Print the material below exactly as it stands, please, from its first line to the line holding "Quick and flexible", with no pictures.

Dataset section
++++++++++++++++++++

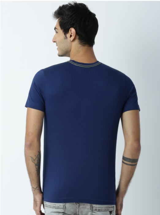 Navy blue printed T-shirt, has a round neck, short sleeves
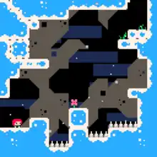 The base game is made up of eight chapters divided into multiple single-screen challenges, with checkpoints in between screens.[3][7] Chapters contain branching paths leading to optional challenges and hidden collectibles.[7][3] The collectibles range from strawberries[12][4][2] to crystal hearts that unlock certain gates.[10] Certain chapters contain a boss character.[7] Each chapter has a "B-side" level that reuses mechanics from the main level to create a more difficult experience.[6] B-side levels can be unlocked by locating the hidden cassette tape in its corresponding level.[8] After completing all eight B-sides, "C-side" levels are unlocked that are shorter in length but with increased difficulty.[13] The Farewell expansion adds a new chapter that excludes B-side options and collectible strawberries,[14] and adds grabbable jellyfish that function as a parachute, exploding pufferfish that can launch Madeline, and "double-dash" gems that give Madeline two dashes when collected.[15][16][17]
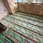 Quick and flexible system offering effective heat within a screeded floor build up.Tacker clips are fed from a specialist tool through into the PIR insulation, these staples are barbed to give a good fixing that will withstand the flex of the pipe.
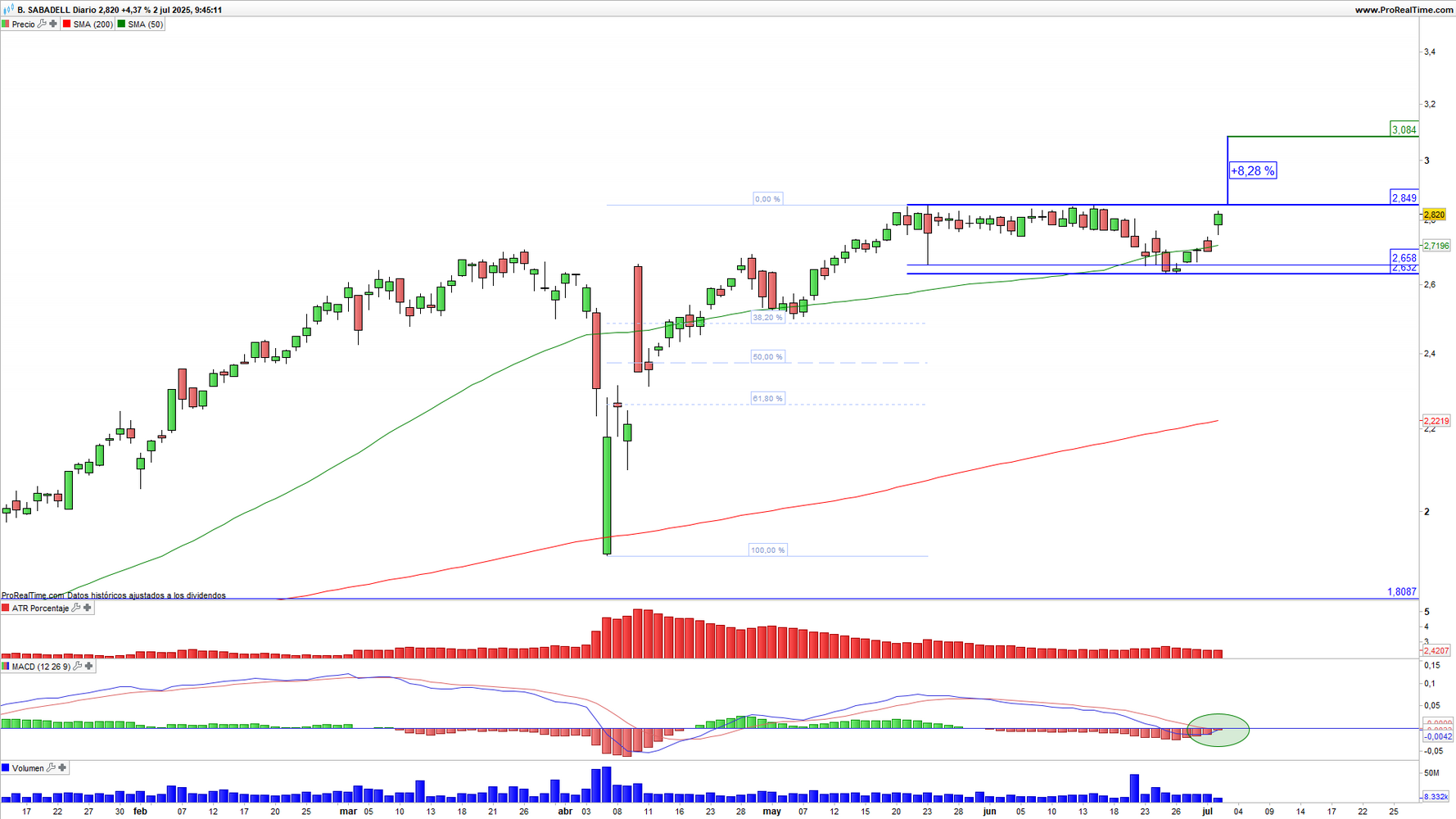 Banco Sabadell (SAB) en escala diaria con volatilidad (gráfico central superior), MACD (gráfico central inferior) y actividad de contratación (ventana inferior). Fuente: ProRealTime y elaboración propia.

++++++++++++++++++++

Output
 Navy blue printed T-shirt, has a round neck, short sleeves
 The base game is made up of eight chapters divided into multiple single-screen challenges, with checkpoints in between screens.[3][7] Chapters contain branching paths leading to optional challenges and hidden collectibles.[7][3] The collectibles range from strawberries[12][4][2] to crystal hearts that unlock certain gates.[10] Certain chapters contain a boss character.[7] Each chapter has a "B-side" level that reuses mechanics from the main level to create a more difficult experience.[6] B-side levels can be unlocked by locating the hidden cassette tape in its corresponding level.[8] After completing all eight B-sides, "C-side" levels are unlocked that are shorter in length but with increased difficulty.[13] The Farewell expansion adds a new chapter that excludes B-side options and collectible strawberries,[14] and adds grabbable jellyfish that function as a parachute, exploding pufferfish that can launch Madeline, and "double-dash" gems that give Madeline two dashes when collected.[15][16][17]
 Quick and flexible system offering effective heat within a screeded floor build up.Tacker clips are fed from a specialist tool through into the PIR insulation, these staples are barbed to give a good fixing that will withstand the flex of the pipe.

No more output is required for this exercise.